Fix some planner bugs exposed by reports from Arjen van der Meijden. These

are all in new-in-8.2 logic associated with indexability of ScalarArrayOpExpr (IN-clauses) or amortization of indexscan costs across repeated indexscans on the inside of a nestloop. In particular: Fix some logic errors in the estimation for multiple scans induced by a ScalarArrayOpExpr indexqual. Include a small cost component in bitmap index scans to reflect the costs of manipulating the bitmap itself; this is mainly to prevent a bitmap scan from appearing to have the same cost as a plain indexscan for fetching a single tuple. Also add a per-index-scan-startup CPU cost component; while prior releases were clearly too pessimistic about the cost of repeated indexscans, the original 8.2 coding allowed the cost of an indexscan to effectively go to zero if repeated often enough, which is overly optimistic. Pay some attention to index correlation when estimating costs for a nestloop inner indexscan: this is significant when the plan fetches multiple heap tuples per iteration, since high correlation means those tuples are probably on the same or adjacent heap pages.
2025-07-20 05:03:10 +03:00 · 2006-12-15 18:42:26 +00:00
parent 782d68e38d
commit 281f40187f
2 changed files with 88 additions and 24 deletions
--- a/src/backend/optimizer/path/costsize.c
+++ b/src/backend/optimizer/path/costsize.c
@ -54,7 +54,7 @@
 * Portions Copyright (c) 1994, Regents of the University of California
 *
 * IDENTIFICATION
- *	  $PostgreSQL: pgsql/src/backend/optimizer/path/costsize.c,v 1.169 2006/11/11 01:14:19 tgl Exp $
+ *	  $PostgreSQL: pgsql/src/backend/optimizer/path/costsize.c,v 1.170 2006/12/15 18:42:26 tgl Exp $
 *
 *-------------------------------------------------------------------------
 */
@ -276,13 +276,12 @@ cost_index(IndexPath *path, PlannerInfo *root,
 	if (outer_rel != NULL && outer_rel->rows > 1)
 	{
 		/*
-		 * For repeated indexscans, scale up the number of tuples fetched in
+		 * For repeated indexscans, the appropriate estimate for the
+		 * uncorrelated case is to scale up the number of tuples fetched in
 		 * the Mackert and Lohman formula by the number of scans, so that we
-		 * estimate the number of pages fetched by all the scans.
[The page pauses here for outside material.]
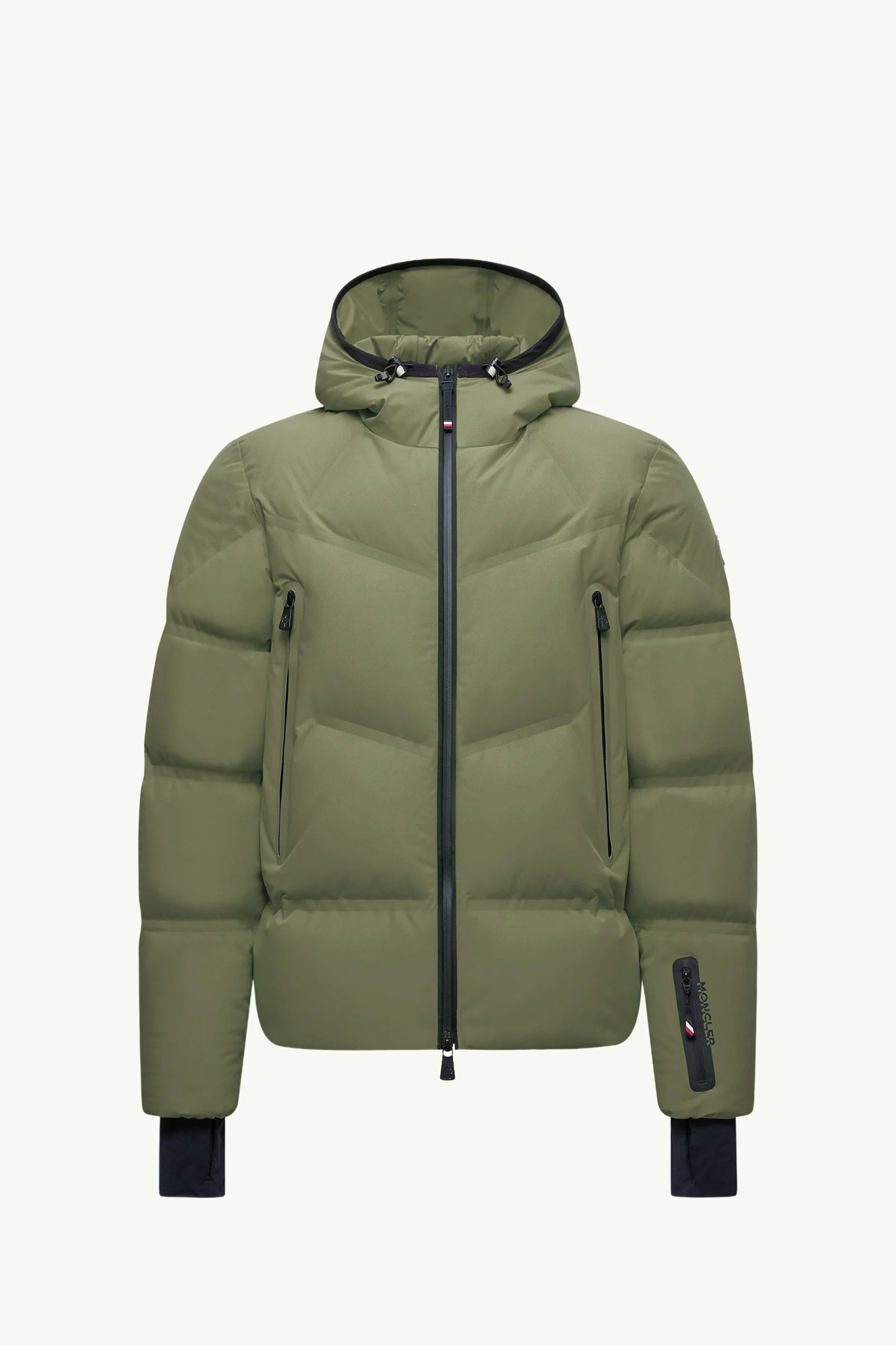 Performance-oriented features meet technical fabrics in the Moncler Grenoble Angren short down jacket for men. Designed for skiing and snowboarding, the Angren down jacket for men showcases bold, contemporary lines. Supporting movement, the short puffer is crafted in poplin that stretches four ways. The performance jacket features water-resistant zippers and stretch jersey wrist gaiters for protection against the elements. An integrated RECCO® reflector completes the design. DETAILS - Designed for skiing and snowboarding - Crafted from 2L 4-way stretch tech poplin - 4-way stretch tech poplin lining - Down-filled - Heat-sealed seams - Adjustable hood with drawstring fastening - Bonded boudin - Logo details - YKK® AquaGuard® highly water-resistant zipper closure - Outer pockets with YKK® AquaGuard® highly water-resistant zipper closure - Inner media pocket - Powder skirt - RECCO® reflector - Stretch jersey wrist gaiters - Ski pass pocket with YKK® AquaGuard® highly water-resistant zipper closure - Hem with elastic drawstring fastening - Embossed silicone logo SIZE AND FIT - The model is wearing a size 3 and is 188 cm tall - Regular fit - Straight cut - Length (collar to hem): 70 cm COMPOSITION BASE FABRIC: 84% Polyamide / Nylon, 16% Elastane / Spandex; LINING: 84% Polyamide / Nylon, 16% Elastane / Spandex; PADDING: 90% Down, 10% Feather; 1 MATERIAL: 83% Polyamide / Nylon, 17% Elastane / Spandex Product code K20971A00018597S323I Made in Romania

Then
+		 * estimate the number of pages fetched by all the scans; then
 		 * pro-rate the costs for one scan.  In this case we assume all the
-		 * fetches are random accesses.  XXX it'd be good to include
-		 * correlation in this model, but it's not clear how to do that
-		 * without double-counting cache effects.
+		 * fetches are random accesses.
 		 */
 		double		num_scans = outer_rel->rows;

@ -291,7 +290,27 @@ cost_index(IndexPath *path, PlannerInfo *root,
 											(double) index->pages,
 											root);

-		run_cost += (pages_fetched * random_page_cost) / num_scans;
+		max_IO_cost = (pages_fetched * random_page_cost) / num_scans;
+
+		/*
+		 * In the perfectly correlated case, the number of pages touched
+		 * by each scan is selectivity * table_size, and we can use the
+		 * Mackert and Lohman formula at the page level to estimate how
+		 * much work is saved by caching across scans.  We still assume
+		 * all the fetches are random, though, which is an overestimate
+		 * that's hard to correct for without double-counting the cache
+		 * effects.  (But in most cases where such a plan is actually
+		 * interesting, only one page would get fetched per scan anyway,
+		 * so it shouldn't matter much.)
+		 */
+		pages_fetched = ceil(indexSelectivity * (double) baserel->pages);
+
+		pages_fetched = index_pages_fetched(pages_fetched * num_scans,
+											baserel->pages,
+											(double) index->pages,
+											root);
+
+		min_IO_cost = (pages_fetched * random_page_cost) / num_scans;
 	}
 	else
 	{
@ -312,16 +331,16 @@ cost_index(IndexPath *path, PlannerInfo *root,
 		min_IO_cost = random_page_cost;
 		if (pages_fetched > 1)
 			min_IO_cost += (pages_fetched - 1) * seq_page_cost;
-
-		/*
-		 * Now interpolate based on estimated index order correlation to get
-		 * total disk I/O cost for main table accesses.
-		 */
-		csquared = indexCorrelation * indexCorrelation;
-
-		run_cost += max_IO_cost + csquared * (min_IO_cost - max_IO_cost);
 	}

+	/*
+	 * Now interpolate based on estimated index order correlation to get
+	 * total disk I/O cost for main table accesses.
+	 */
+	csquared = indexCorrelation * indexCorrelation;
+
+	run_cost += max_IO_cost + csquared * (min_IO_cost - max_IO_cost);
+
 	/*
 	 * Estimate CPU costs per tuple.
 	 *
@ -614,6 +633,13 @@ cost_bitmap_tree_node(Path *path, Cost *cost, Selectivity *selec)
 	{
 		*cost = ((IndexPath *) path)->indextotalcost;
 		*selec = ((IndexPath *) path)->indexselectivity;
+		/*
+		 * Charge a small amount per retrieved tuple to reflect the costs of
+		 * manipulating the bitmap.  This is mostly to make sure that a bitmap
+		 * scan doesn't look to be the same cost as an indexscan to retrieve
+		 * a single tuple.
+		 */
+		*cost += 0.1 * cpu_operator_cost * ((IndexPath *) path)->rows;
 	}
 	else if (IsA(path, BitmapAndPath))
 	{